Kat and the Desert Eagle Page 15
She fell silent, and for a while they sat there, waiting for the dawn. Two more vehicles had arrived at the perimeter. Kerosene lamps had been lit and more flashlights were wavering around, people moving in the scrub, as if there might be evidence to indicate who killed the Guards. Surprisingly, there was no one near the hangar, and even from here they could see that the Guards were missing.
The sliver of pink had widened, and when she glanced at Kelly, she realized that she could see him. With the dawn coming, it was time to go.
They let Capetti go first. He climbed better than either of them. They could watch the way he climbed the crevice where he placed his feet, how he used his hands and arms. Climbing is all to do with balance, never releasing your grip on one rock until you’d found the next. It looked easy when Capetti did it, even Kelly learned quickly, but for Kat it was a struggle. The footholds seem to disappear when she got there, the handholds just out of reach or difficult to see in the half-light. When she finally reached the top, she let out a sigh of relief and almost laughed when she saw Dore sitting there with a coil of rope.
“Hey, Kat, you did it,” Kelly said, grinning at her.
“Just about. You two must be related to mountain goats.”
Stewart handed them all coffee, which they gratefully gulped. For a time, they sat there, talking about the bomb and watching the dawn, the first rays of golden sunlight backlighting the scrub, long shadows stretching across the plateau.
She glanced at Dore. “What happened, Jock? You never fired a shot.”
He grimaced. “We… er… made a wee, tactical error, Lass. You can’t see gun sights in the dark, and while we were doctoring flashlights, so it didn’t blind us…” He shrugged. “You got there before us.”
“And you did a flaming good job,” Atkins added. “We were watching with field glasses. It was amazing. A head shot at 50 yards… Twice! With a pistol!”
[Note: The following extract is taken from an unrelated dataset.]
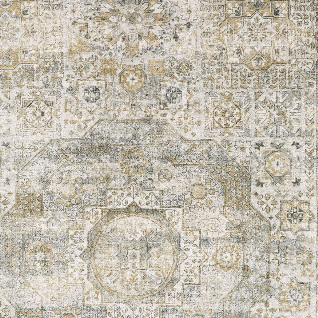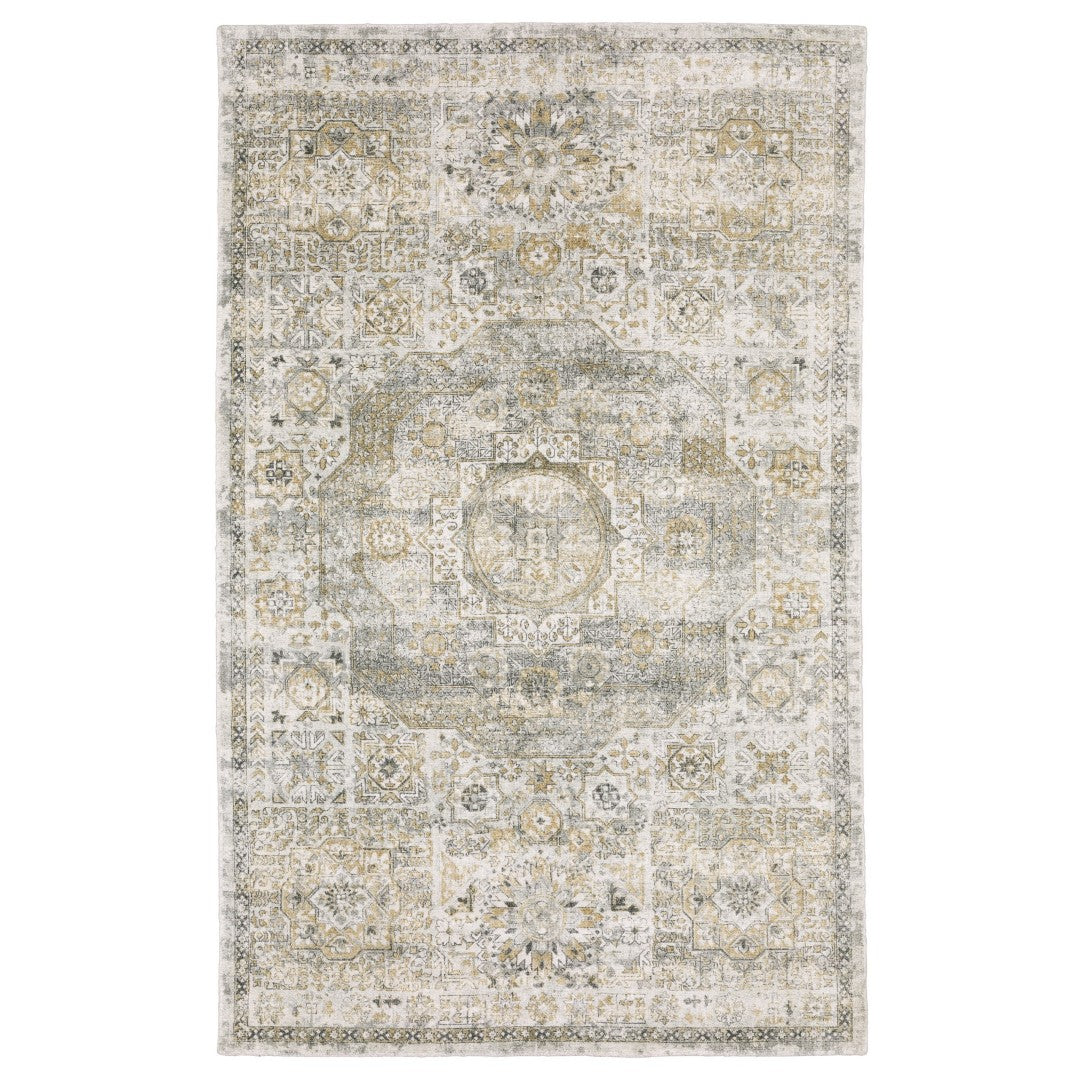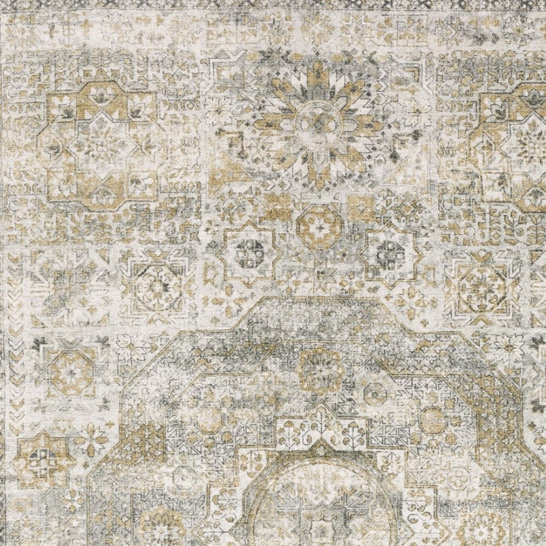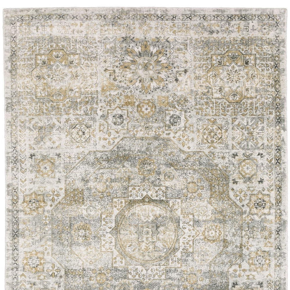 - Handmade wool blend area rug perfect for the living room, featuring a traditional gray and gold design.

Dore said. “There’s no sign of the Adler and there probably isn’t going to be, for a while, at least. Knowing the Germans, they’ll put their tests on hold until they know who the killer is. They can’t have a nut case wandering around with Rommel in residence. In the meantime, none of us have slept, so we should take turns to watch the airfield. Two on duty, four off.”
“Sounds good to me,” Kat said, stretching her exhausted body. “Can I go first?”
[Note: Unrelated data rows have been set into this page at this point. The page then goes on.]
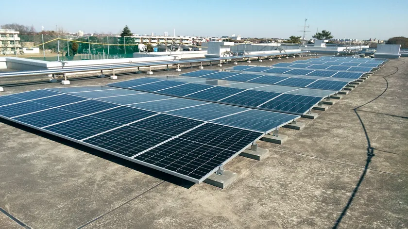 【最大瞬間風速102m/sにも耐える、フラット屋根専用の太陽光発電システム】
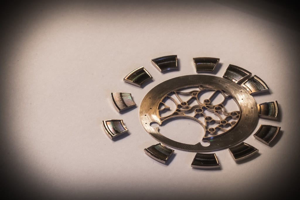 Un exemple parmi d’autres : l’une des spécificités de Julien Coudray est de réaliser les calibres de ses modèles dans le même métal que la boîte, que ce soit pour l’or … mais aussi pour le platine, si difficile à travailler et à orner. Il a fallu à Bruno Karbiche et ses collègues plusieurs années pour résoudre les difficultés posées et mettre au point les outils qui permettent aujourd’hui d’atteindre la quasi-perfection illustrée ici sur les pièces du modèle « Competentia 1515 » avec ses gravures à la main comme le perlage et le guillochage de ses éléments cachés.
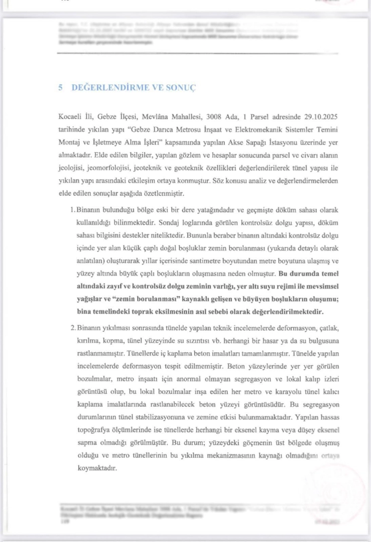 Raporun devamında, metro proje başlangıcından bu yana oluşan tüm zemin hareketinin azami 5 cm olarak ölçüldüğü, bu değerin bina altında oluşan 7 metrelik derin çukura sebep olamayacağına yer verilirken, yapılan teknik değerlendirmeler sonucunda; binanın yıkılmasında, binanın oturduğu zemin ile yüzey ve yüzey altı suyu koşullarının etkili olduğu değerlendirildiği, bina göçmesi ile metro inşaatı arasında direkt bir bağlantı ilişkisi kurulamadığı görüş ve kanaatine varıldığına yer verildi. (DHA)

“Absolutely, and take Atkins with you, he looks wasted. I’ll stay here with Harry. If anything happens, we’ll wake you. When we’ve all had some sleep, we can talk about how we’re doing this.”
Kat put it out of her mind. She felt lightheaded and strangely euphoric as they made their way to the caves in the warmth of the morning sunshine. After everything that happened, the killings, finding the bomb, the tension of breaking into the hangar, the safety of the mountains felt like coming home. Even the ancient rock paintings had a familiarity about them. Unrolling her sleeping bag, she placed it close to Kelly’s. It wasn’t a romantic gesture. She felt uncomfortable in caves, they made her claustrophobic. She’d been right about the fissure in the ceiling letting sunlight in, the ancient rock paintings were almost glowing in the ambiance bouncing off the walls, and they spooked her. The cave felt creepy, as if in the distant past someone had put a curse on it. Possibly it was the accumulation of deaths, year after year, century after century, millennium after millennium, all those corpses lying where she was about to sleep.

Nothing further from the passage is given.